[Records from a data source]
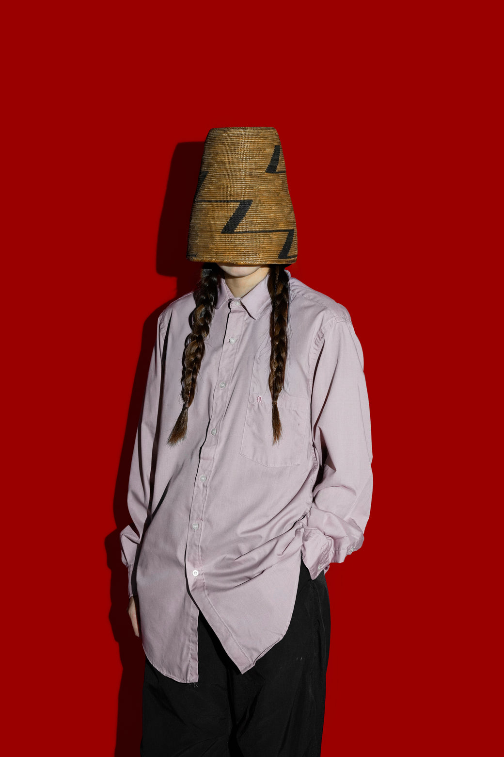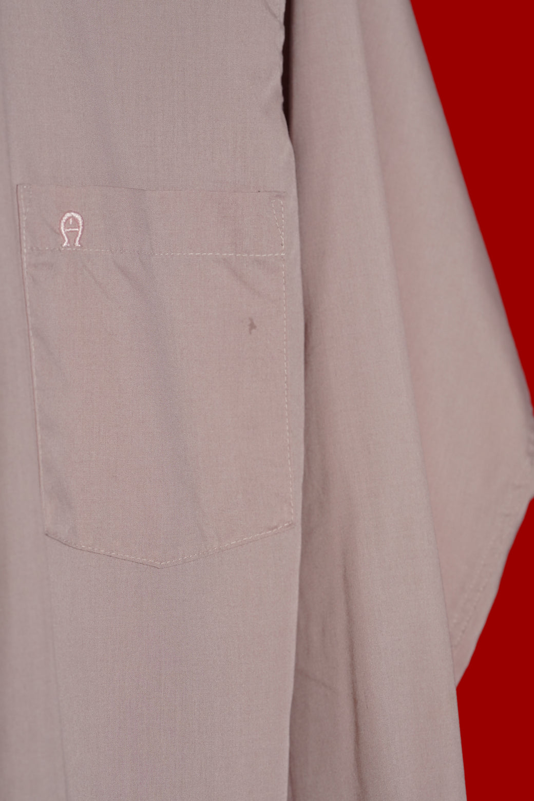 This is a standard traditional shirt in a soft pink. It maintains good condition with an appropriate aged patina. There is a small stain on the chest pocket.
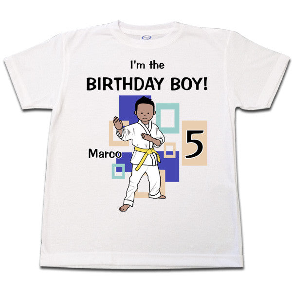 Any boy who loves karate or martial arts will feel extra proud wearing this personalized birthday T shirt on his special day. Choose from a selection of karate boys with different skin and hair colors, pick a belt color and background color scheme. Personalize it with your child's name and age. Perfect for wearing to a karate or martial arts theme birthday party.
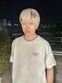 【気に入ったスタイルはブックマークをして頂くと便利です】顔まわりのカット、ミディアムヘア、ブリーチカラーが得意です!【表参道/青山】全体をホワイトブロンドにし、部分的にブラックを入れたデザインカラー。
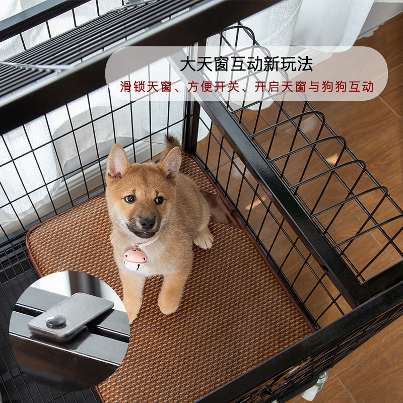 风宠 中小型犬狗笼 带厕所柴犬笼柯基泰迪宠物笼室内家用钢木质狗笼子 雅致有沿边 黄胡桃黑丝 98*64*75带轮
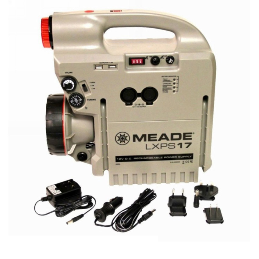 Prenosný nabíjateľný zdroj Meade LXPS 17 ľahko napája váš teleskop a elektronické zariadenia, keď ste v teréne a na pozorovacom maratóne. Pripojte svoje zariadenia pomocou dvoch 12 V portov cigaretového zapaľovača, dvoch USB portov alebo kladných/záporných svoriek na zadnej strane. LXPS 17 obsahuje zabudovaný istič a poistkový obvod na ochranu vášho cenného zariadenia. Vďaka medzinárodným a americkým zástrčkám sieťového adaptéra budete môcť nabíjať LXPS doma aj v zahraničí. Meade LXPS 17 obsahuje aj nastaviteľný superjasný reflektor s 30 LED diódami a vreckovú baterku s bielym svetlom a prídavným červeným filtrom, ktorá je ideálna na nastavovanie a demontáž vášho zariadenia v tme. Okrem toho zdroj LXPS 17 obsahuje rádio AM/FM, sirénu a pripojené odnímateľné svetlo. Zdroj LXPS je ideálny na núdzové situácie, napríklad na naštartovanie batérie vozidla pomocou prepojovacích káblov. So 17 ampérhodinami je zdroj LXPS 17 ideálnym zdrojom na celovečerné pozorovanie hviezd alebo na napájanie viacerých zariadení súčasne.
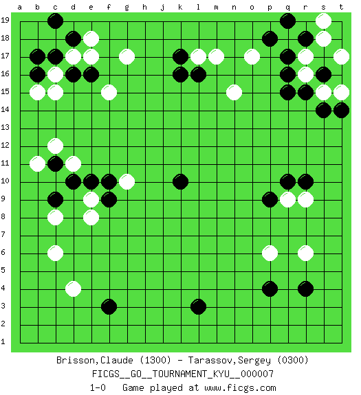 Last move : 1-0 2006 October 24 16:10:56 [Event "FICGS__GO__TOURNAMENT_KYU__000007"] [Site "FICGS"] [Date "2006.10.14"] [Round "1"] [Black "Brisson,Claude"] [White "Tarassov,Sergey"] [Result "1-0"] [Rating 1 "1300"] [Rating 2 "0300"] 1.q16 d4 2.r4 c16 3.f3 c6 4.l3 d11 5.q10 o17 6.k17 l17 7.k16 g17 8.l16 m17 9.k10 r6 10.p4 r9 11.r10 q9 12.p9 p6 13.c9 e9 14.c11 c12 15.d10 b11 16.e10 g10 17.f9 e8 18.f10 c8 19.e16 f15 20.c17 d17 21.d16 e17 22.b16 c15 23.b17 b15 24.d18 e18 25.c19 r17 26.q17 r16 27.q15 n15 28.r15 q18 29.p18 s15 30.s14 t15 31.t14 t17 32.r18 s18 33.q19 s19 34.s16 1-0 Here are the names of the openings (joseki) played in the four corners : Corner d4 : d4 f3 Hoshi (Hwajeom, Seongjeom, Xingwei`) 4-4 Point. The star or hoshi (4-4) point, emphasizing influence at the potential expense of territory. Ikken Kakari (Hankan Keolch'im, Yi Gua`jiao~, 1-Space Low Approach). Black 2 is the standard approach move to the 4-4. Corner q16 : q16 o17 Hoshi (Hwajeom, Seongjeom, Xingwei`) 4-4 Point. The star or hoshi (4-4) point, emphasizing influence at the potential expense of territory. Ikken Kakari (Hankan Keolch'im, Yi Gua`jiao~, 1-Space Low Approach). White 2 is the standard approach move to the 4-4. Player Black won this Go (weiqi, baduk) game. Follow this game move after move (download)Don't make compact groups of stones. (Anonymous) For to win one hundred victories in one hundred battles is not the acme of skill. To subdue the enemy without fighting is the acme of skill. (Sun Tzu)
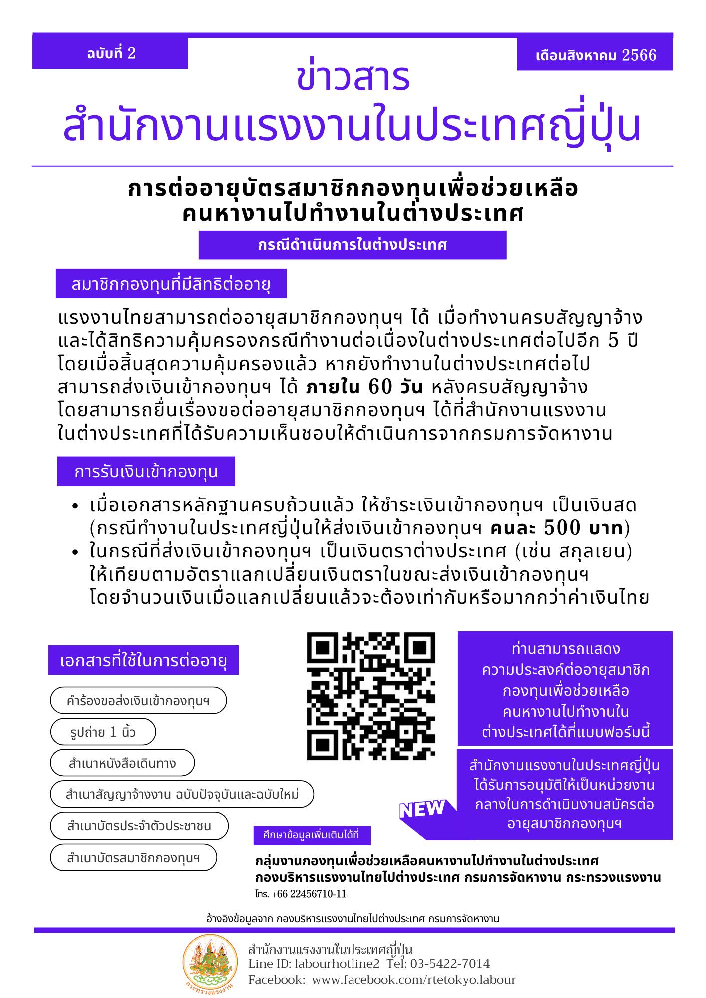 สมาชิกกองทุนเพื่อช่วยเหลือคนหางานไปทำงานในต่างประเทศสามารถต่ออายุสมาชิกกองทุนฯ ได้ที่สำนักงานแรงงานในประเทศญี่ปุ่นแล้ว ผู้สนใจกรุณาให้ข้อมูลเพื่อเจ้าหน้าที่จะได้ติดต่อกลับที่ https://forms.office.com/r/vVg67sreHv
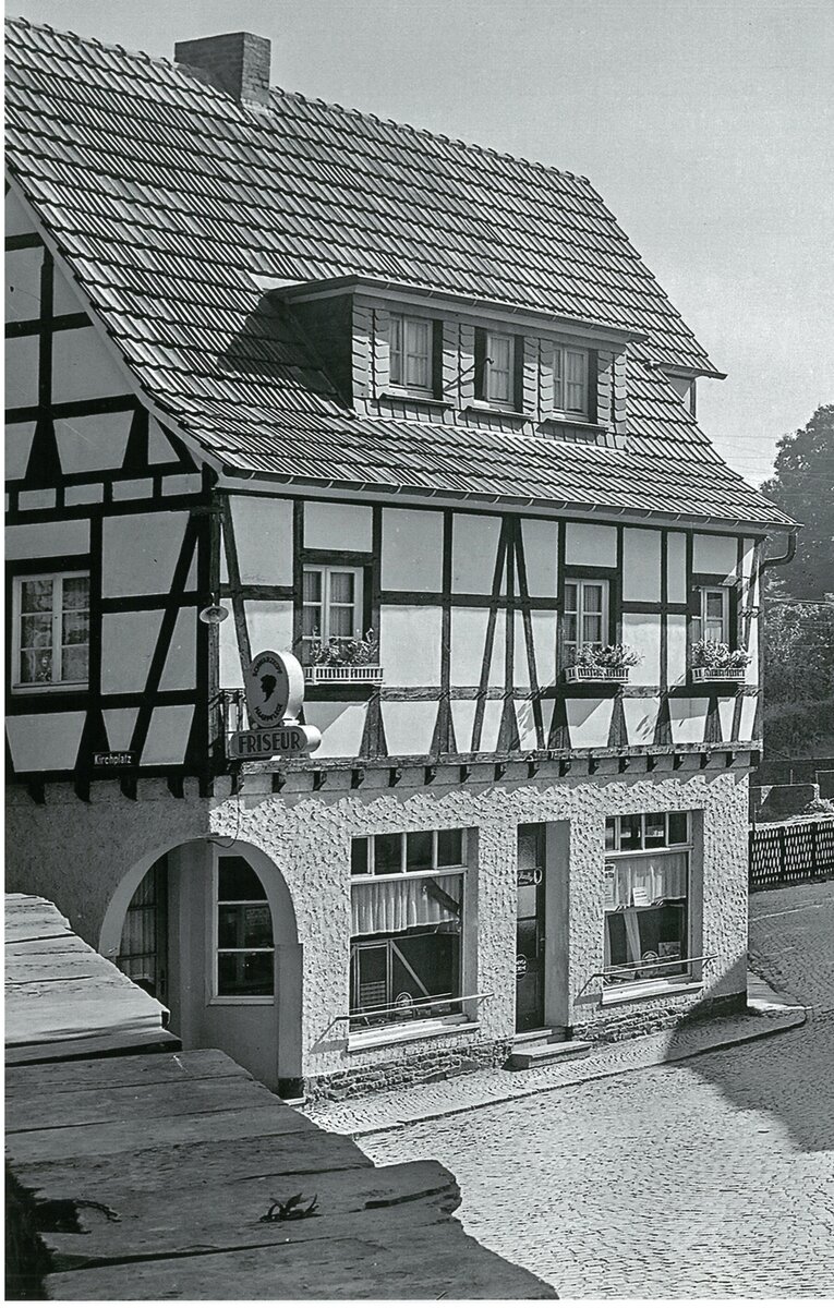 Ursprünglich als Haus des Küsters bekannt, danach als Lebensmittelgeschäft mit einer Poststation. Reinold Sax übernahm 1911 das sogenannte „Eckhaus“ und richtete sein Friseur- und Barbiergeschäft ein. 1937 wurde das Haus abgerissen und als“ bergisches Fachwerkhaus“ wieder aufgebaut. Sohn Karl übernahm den Salon als Herren- und Damenfriseur, Sohn Dieter gab 1970 das Geschäft auf.
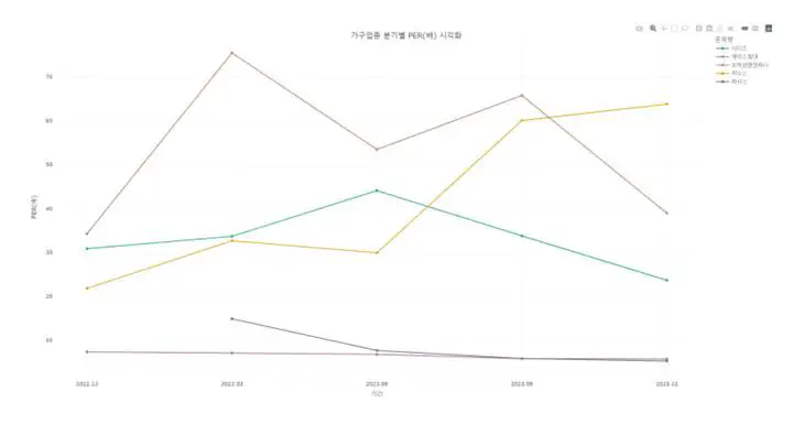 Corporate Financial Data Analysis: Compared and analyzed various financial indicators such as sales, net profit margins, and PER of different companies in the furniture industry to identify differences between stocks.
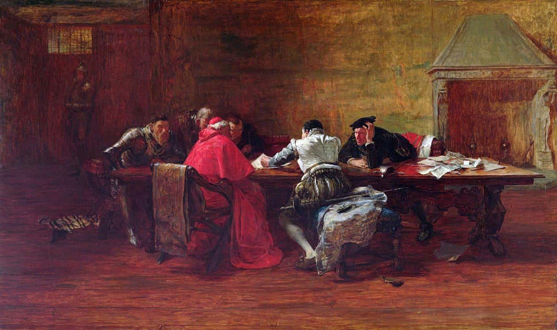 Мужчины одеты в костюмы, указывающие на их высокий социальный статус. Один из них выделяется своим алым одеянием, что может символизировать его значимость или власть. Другие фигуры выглядят более сдержанно, но все они демонстрируют напряжённость и сосредоточенность. На столе разбросаны документы, возможно, договоры или указы, вокруг которых происходит обсуждение.

Exercise instructions => Could you set down the records above word for word, without any of the pictures?

Response for this exercise =>
 This is a standard traditional shirt in a soft pink. It maintains good condition with an appropriate aged patina. There is a small stain on the chest pocket.
 Any boy who loves karate or martial arts will feel extra proud wearing this personalized birthday T shirt on his special day. Choose from a selection of karate boys with different skin and hair colors, pick a belt color and background color scheme. Personalize it with your child's name and age. Perfect for wearing to a karate or martial arts theme birthday party.
 【気に入ったスタイルはブックマークをして頂くと便利です】顔まわりのカット、ミディアムヘア、ブリーチカラーが得意です!【表参道/青山】全体をホワイトブロンドにし、部分的にブラックを入れたデザインカラー。
 风宠 中小型犬狗笼 带厕所柴犬笼柯基泰迪宠物笼室内家用钢木质狗笼子 雅致有沿边 黄胡桃黑丝 98*64*75带轮
 Prenosný nabíjateľný zdroj Meade LXPS 17 ľahko napája váš teleskop a elektronické zariadenia, keď ste v teréne a na pozorovacom maratóne. Pripojte svoje zariadenia pomocou dvoch 12 V portov cigaretového zapaľovača, dvoch USB portov alebo kladných/záporných svoriek na zadnej strane. LXPS 17 obsahuje zabudovaný istič a poistkový obvod na ochranu vášho cenného zariadenia. Vďaka medzinárodným a americkým zástrčkám sieťového adaptéra budete môcť nabíjať LXPS doma aj v zahraničí. Meade LXPS 17 obsahuje aj nastaviteľný superjasný reflektor s 30 LED diódami a vreckovú baterku s bielym svetlom a prídavným červeným filtrom, ktorá je ideálna na nastavovanie a demontáž vášho zariadenia v tme. Okrem toho zdroj LXPS 17 obsahuje rádio AM/FM, sirénu a pripojené odnímateľné svetlo. Zdroj LXPS je ideálny na núdzové situácie, napríklad na naštartovanie batérie vozidla pomocou prepojovacích káblov. So 17 ampérhodinami je zdroj LXPS 17 ideálnym zdrojom na celovečerné pozorovanie hviezd alebo na napájanie viacerých zariadení súčasne.
 Last move : 1-0 2006 October 24 16:10:56 [Event "FICGS__GO__TOURNAMENT_KYU__000007"] [Site "FICGS"] [Date "2006.10.14"] [Round "1"] [Black "Brisson,Claude"] [White "Tarassov,Sergey"] [Result "1-0"] [Rating 1 "1300"] [Rating 2 "0300"] 1.q16 d4 2.r4 c16 3.f3 c6 4.l3 d11 5.q10 o17 6.k17 l17 7.k16 g17 8.l16 m17 9.k10 r6 10.p4 r9 11.r10 q9 12.p9 p6 13.c9 e9 14.c11 c12 15.d10 b11 16.e10 g10 17.f9 e8 18.f10 c8 19.e16 f15 20.c17 d17 21.d16 e17 22.b16 c15 23.b17 b15 24.d18 e18 25.c19 r17 26.q17 r16 27.q15 n15 28.r15 q18 29.p18 s15 30.s14 t15 31.t14 t17 32.r18 s18 33.q19 s19 34.s16 1-0 Here are the names of the openings (joseki) played in the four corners : Corner d4 : d4 f3 Hoshi (Hwajeom, Seongjeom, Xingwei`) 4-4 Point. The star or hoshi (4-4) point, emphasizing influence at the potential expense of territory. Ikken Kakari (Hankan Keolch'im, Yi Gua`jiao~, 1-Space Low Approach). Black 2 is the standard approach move to the 4-4. Corner q16 : q16 o17 Hoshi (Hwajeom, Seongjeom, Xingwei`) 4-4 Point. The star or hoshi (4-4) point, emphasizing influence at the potential expense of territory. Ikken Kakari (Hankan Keolch'im, Yi Gua`jiao~, 1-Space Low Approach). White 2 is the standard approach move to the 4-4. Player Black won this Go (weiqi, baduk) game. Follow this game move after move (download)Don't make compact groups of stones. (Anonymous) For to win one hundred victories in one hundred battles is not the acme of skill. To subdue the enemy without fighting is the acme of skill. (Sun Tzu)
 สมาชิกกองทุนเพื่อช่วยเหลือคนหางานไปทำงานในต่างประเทศสามารถต่ออายุสมาชิกกองทุนฯ ได้ที่สำนักงานแรงงานในประเทศญี่ปุ่นแล้ว ผู้สนใจกรุณาให้ข้อมูลเพื่อเจ้าหน้าที่จะได้ติดต่อกลับที่ https://forms.office.com/r/vVg67sreHv
 Ursprünglich als Haus des Küsters bekannt, danach als Lebensmittelgeschäft mit einer Poststation. Reinold Sax übernahm 1911 das sogenannte „Eckhaus“ und richtete sein Friseur- und Barbiergeschäft ein. 1937 wurde das Haus abgerissen und als“ bergisches Fachwerkhaus“ wieder aufgebaut. Sohn Karl übernahm den Salon als Herren- und Damenfriseur, Sohn Dieter gab 1970 das Geschäft auf.
 Corporate Financial Data Analysis: Compared and analyzed various financial indicators such as sales, net profit margins, and PER of different companies in the furniture industry to identify differences between stocks.
 Мужчины одеты в костюмы, указывающие на их высокий социальный статус. Один из них выделяется своим алым одеянием, что может символизировать его значимость или власть. Другие фигуры выглядят более сдержанно, но все они демонстрируют напряжённость и сосредоточенность. На столе разбросаны документы, возможно, договоры или указы, вокруг которых происходит обсуждение.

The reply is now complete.